Good afternoon. Thanks for the invitation to present here.
We at Charity Intelligence are a charity, but we are a different type of charity. We work for donors. We research and analyze Canadian charities; we are the 1-800 hotline that donors call. We do our best to answer their questions.
I'm assuming that the tax incentives package has been put before you with the assumption that it would result in more money going towards Canadian charities. I'd like to share with you three findings.
In all the surveying and polls on motivation about what makes a donor give, tax incentives consistently rank as the least important to a donor. Canadian donors give with their hearts, and they give out of compassion.
The second finding I'd like to share with you is that since 2002, the Muttart Foundation out of Edmonton has consistently used Ipsos Reid to survey Canadians. What their poll results report is that there is a widening trust gap between donors and charities. In the poll taken in 2010, 31% of Canadians said they had a lot of confidence in charities, and 69% of Canadians said they had some, little, or no trust in charities. This is the largest trust gap we've seen in Canada. Tax incentives do nothing to address this gap. Furthermore, in that most recent poll, 71% of Canadians said they would like more information about charities, which goes to Mark's points about transparency. Canadians want to know how charities spend the money and what results they achieve.
Thirdly, there was an extensive survey of 3,000 donors in the U.S. that we think is relevant for this. In that survey, 34% of donors said they would give more to charities if they had more information; they would give 12% more. In Canada, that would result in $1.2 billion in additional charitable giving.
So as we would see it at Charity Intelligence, the incentive to get more money flowing to charities is completely within the charities' hands. They can take steps independently, without the need at this time for increasing tax legislation or tax incentives.
I'm reminded here of Newton's third law of physics: for every action, there is a reaction. What could the potential harm be of expanding tax incentives? Unfortunately, one outcome of the tax incentives is that they drive unsavoury characters into the charity sector.
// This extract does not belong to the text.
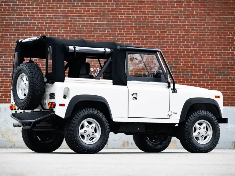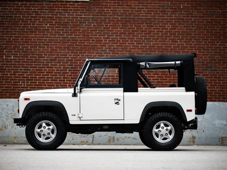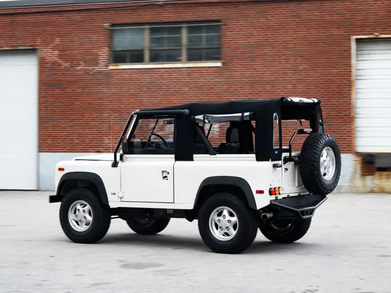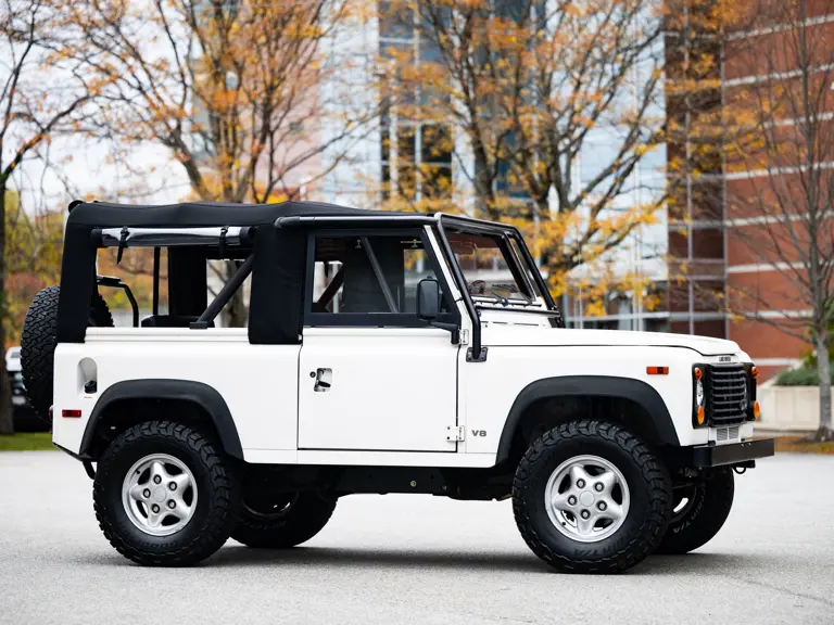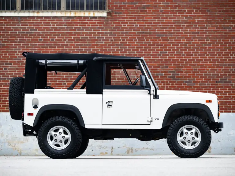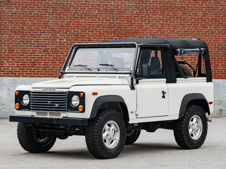Land Rover developed the North American Specification, or NAS, Defenders for sale in the US and Canadian markets beginning in 1994. These benefited from an external roll cage and niceties such as air conditioning. Although both Defender 90 and 110 variants were offered at the outset, this was soon streamlined to only the Defender 90. Power came initially from a 3.9-liter V-8 paired with a five-speed manual gearbox, but by 1997 this had been upgraded to a 4.0-liter distributor-less V-8 and a ZF four-speed automatic transmission. After the 1997 model year, US regulations made selling the Defender in the American market infeasible, and exports ceased. The nameplate would not return officially to America, in the form of a radically modern luxury SUV, until 2020.

We haven't shared this research with Canadians; it is not public, but I share it with you today. In May 2010 we began an extensive research project on Canada's 100 largest charities. I hope you deal with this information with all the sensitivity that it is owed. Of the 100 largest charities in Canada, we found two that we strongly suspect are tax fraud schemes.
The research team at Charity Intelligence was startled by this finding. We had always assumed that the tax scam charities were small, bucket-shop operations operating beneath the radar. We never expected to find, in the 100 largest charities in Canada—in the elite—two tax schemes.
If one were to extrapolate from this tiny sample size, that would represent 2% of Canada's 85,700 charities as bad apples, or, in other words 1,715. I would concur completely with Mark's comments that the CRA needs a lot more resources and a lot more help protecting our charitable sector.
These two charities in 2009 received $370 million in donations. If you were to extrapolate that.....
I'm sorry, that would be the equivalent; that is what we estimate tax fraud right now is costing Canada, Canadian taxpayers, and the charity sector.
So before you legislate, I would just ask for a second sober thought. Are tax incentives going to be effective? What is the benefit you would anticipate to flow into the sector? What are going to be the consequences? And what steps can you give the CRA that could possibly mitigate the negative impact of having more of these tax incentive scams corrupting Canada's very precious charitable sector?